A brand new one is a last resort. My brother actually does a lot of business in the states and it would be easy for him to pick one up for me. They're actually on the US refurb store for $350 right now. What's the tax like there anyway?

As far as seeing the receipt, do I really care? I just want to make sure it's working right?


----------



## Adrian. (Nov 28, 2007)

Sales tax in New York state is really low. A long the lines of 7-8% I believe.


I would just buy brand new. You never know what people have done with the phone. If you have any troubles you can just relock it go get a at&t prepaid sim and go claim your apple warranty.


----------



## Bog (Jan 17, 2008)

Brand new 16GB is $499. How much are you buying a used 16GB in your city?

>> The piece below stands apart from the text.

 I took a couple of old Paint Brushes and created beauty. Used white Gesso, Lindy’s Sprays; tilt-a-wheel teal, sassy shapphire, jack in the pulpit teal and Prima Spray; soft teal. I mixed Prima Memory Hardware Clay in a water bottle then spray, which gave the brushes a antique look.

How about BNIB? Seriously though, How much are you planning to actually spend/save on a used one?

If you don't have a receipt and something goes wrong how do you plan on getting it replaced or repaired?

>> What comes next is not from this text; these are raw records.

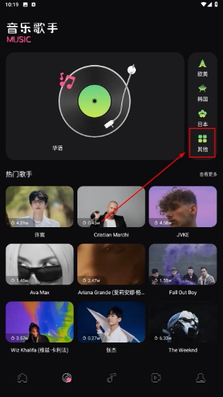 进入音乐编辑界面后,点击下方的切换按钮,即可进入音乐歌手界面浏览海量歌手内容。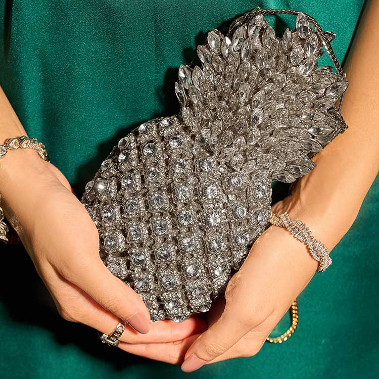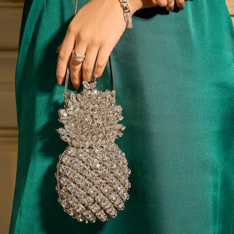 “Pinora (Silver)” is a standout clutch crafted in a chic pineapple silhouette, embellished with dazzling silver crystals that catch the light beautifully. Finished with a sleek chain for effortless wear, it blends glamour with practicality. A true head-turner, perfect for nights that call for sparkle and personality.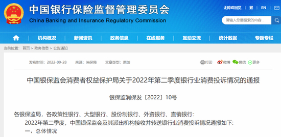 今日,中国银保监会消费者权益保护局发布了关于2022年第二季度银行业消费投诉的通报,披露了银行信用卡业务、个人贷款业务最新投诉情况。

I bought an iPhone from Apple using my credit card. I have the original receipt for warrantee purposes, I know the history of where the device has been and how it was used, I got loyalty points for the purchase on my credit card AND I have extended warrantee provided by credit card.

Why is some one selling a used phone? It's either stolen (is this what you want?), not working (or heavily worn in some way) or they are marking it up to make a profit. Do you really believe them when they say they didn't like it, don't need it, got a different phone, it was a gift/prize, need to pay the rent or can't afford the plan (I'd actually believe this one)?


----------



## Bog (Jan 17, 2008)

Looking at toronto.craigslist.org I see 8GB iPhone for $350-$699 and 16GB for $640-$750.

New from apple is US$399 (8GB) and US$499 (16GB). Why is new a last resort?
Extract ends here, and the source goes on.